Two years into its run, this monolithic East Village food-and-drink destination-meets-record store has at least outlasted HBO’s same-named (minus the deliberately errant spelling) drama. Ironically, its LP stock (think classic rock, pop, punk and hip-hop from the past half-century) was initially culled by former HBO golden boy/Entourage lead Adrian Grenier, who’s also VNYL’s in-house music director. As director of operations Jake Riley explains, there are outside DJs some nights and an occasional Spotify playlist for low-key late afternoons, but Grenier’s library gets plenty of play inside the bar.

Total No. of Records:  About 1,000, though they tend to keep a couple hundred out for playing and perusing at any one time, rotating by genre and era.
Personal Favorite: Stevie Wonder’s Looking Back, which Riley characterizes as ideally “chill, light and airy.” (He says that a busier weekend night might command something a bit more up-tempo.)
Most-Played: Tracks off Blood Orange’s Coastal Grooves, The Fugees’ The Score and Diana Ross’ Diana frequently make the cut.
Do They Take Requests? “It would seem like most of the time, people would be annoyed by requests,” says Riley. “But if you’re not a DJ and somebody’s saying, ‘Oh, play this,’ it makes it easier for you.”

 Bierwax Bar NYC

BierWax

Owner Chris Maestro’s Brooklyn joint, which opened its doors last winter, is as dead serious about beats and brass as it is about beer. Jazz, soul, funk and hip-hop are the collective audible raison d’être. “I’ve been a DJ and record collector since my late teens, and then eventually got into craft beer very seriously,” says Maestro. “So it was a way to combine those elements under one roof.” As for the sudden preponderance of like-minded establishments, Maestro didn’t time the launch of BierWax to coincide, but in his view, “To have good analog music and great craft beer or cocktails, the more the merrier.”
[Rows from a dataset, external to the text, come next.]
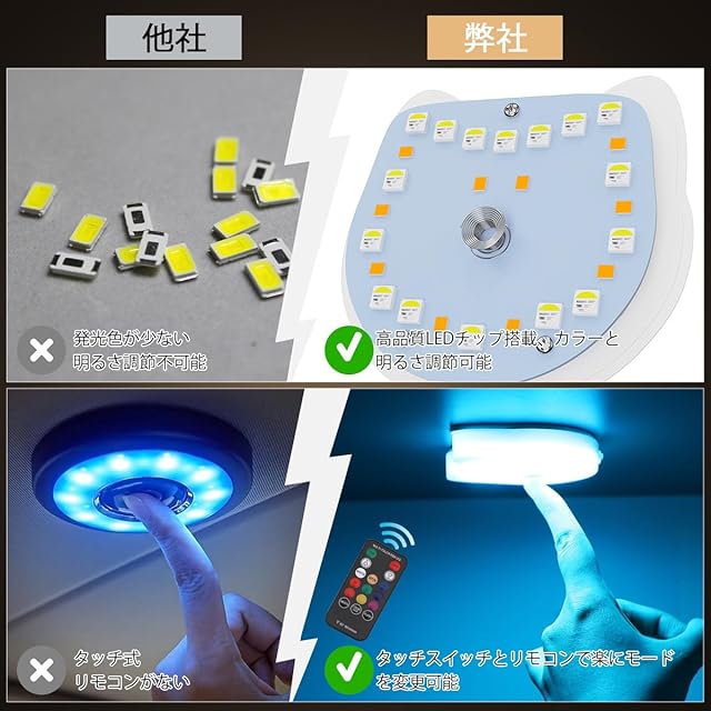 商品名:Catland ルームランプ LED 車 猫 RGB ルーム LEDバルブ 9色12パターン 白 電球色 アイスブルー 赤 緑 青 黄色 レモンイエロー ピンク紫 点滅 電球 ストロボ 室内灯 ラゲッジランプ マップランプ トランク灯 読書灯 玄関 階段 室内灯 輝度調節 メモリー機能あり タッチ式 配線不要 汎用 USB充電 マグネット 小型 1個
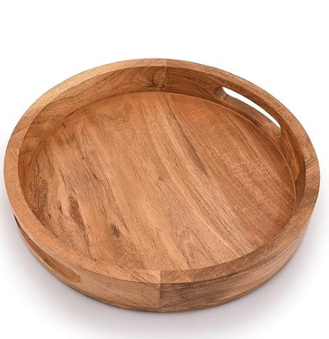 This Handcrafted Round Wooden Serving Tray is designed for effortless serving with timeless appeal. Made from solid natural wood, the tray features a smooth circular profile and integrated cut-out handles for easy grip and movement.
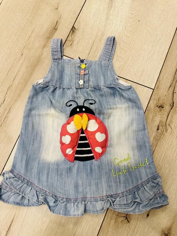 Очень удобный и легкий джинсовый сарафан для девочки 1-1,5 года. Сзади на молнии. Рисунок объемный. Продаю щоб не лежали як задарма
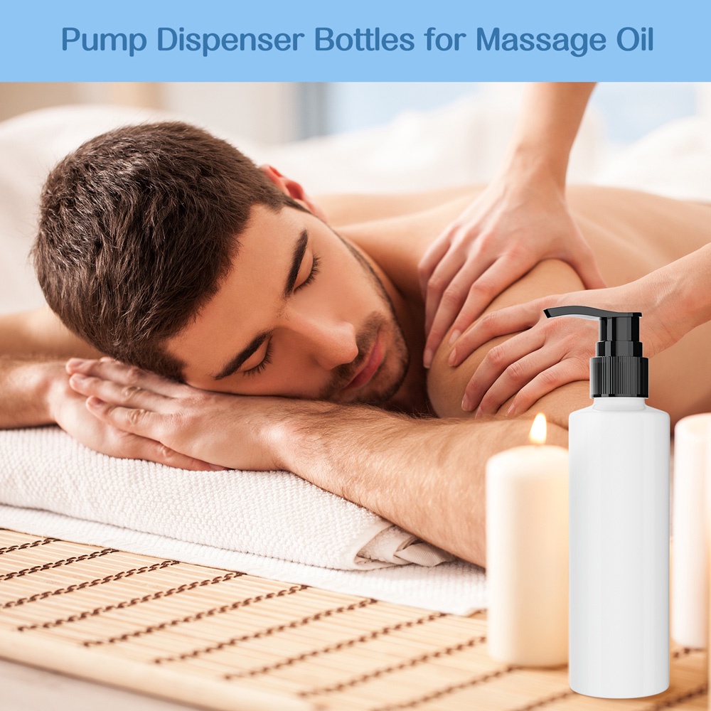 200ML Refillable Plastic Pump Dispenser Bottles for Lotion, Massage Oil, Shampoo and More BPA/Latex Free
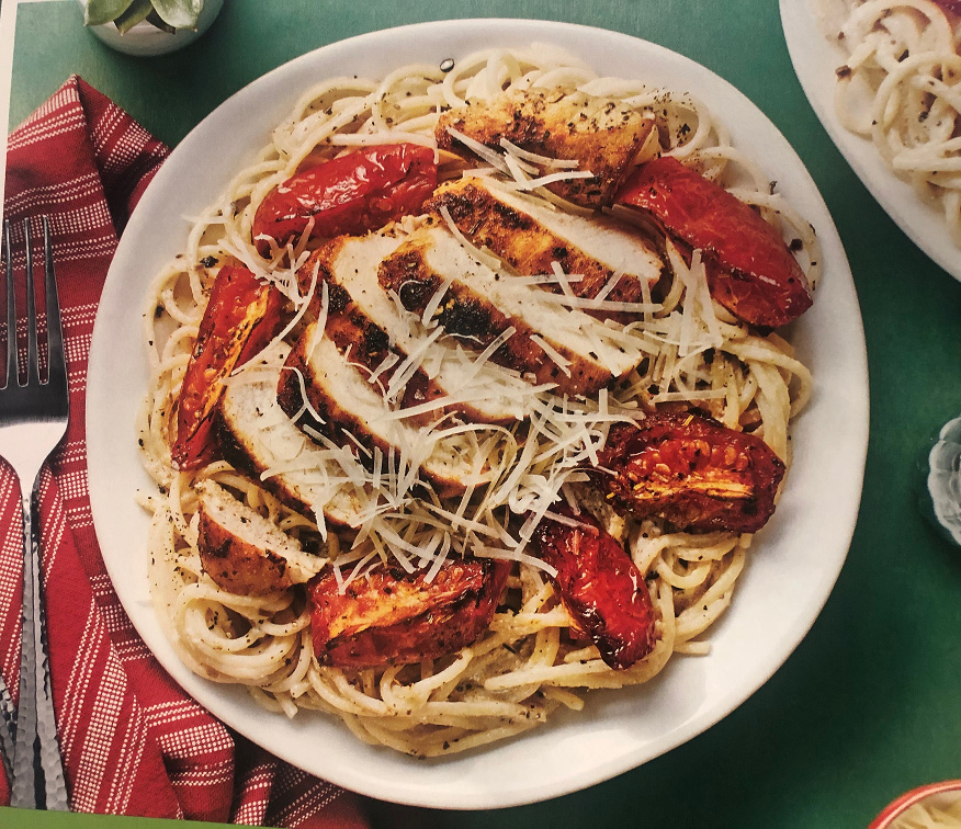 14) Divide pasta between bowls. Top with chicken and roasted tomatoes. Sprinkle with remaining parmesan cheese.

Total No. of Records: Maestro pegs the current tally at about 6,000, up from 5,000 when they first opened. “I’d love for it to expand, but now we’re going to be selective, just because of space.” (Plus, he plans to begin selling some of the collection out of BierWax soon.)
Personal Favorite :
Cymande’s self-titled 1972 debut, known for its song “Dove,” later sampled by The Fugees, or any of Texan trio Khruangbin’s string of EPs, dating back to 2010.
Most-Played: Budos Band gets plenty of love, and Maestro confesses that he “had to hide” Lauryn Hill’s Miseducation of Lauryn Hill, which gets repeated spins from male and female bartenders alike.
Do They Take Requests? A no-requests sign on the premises makes their stance pretty plain. “It’s coming from a DJ mentality,” says Maestro. “You want the customer to be there for the ride and trust the expertise of the folks providing the music and the beer to take you through a guided experience.”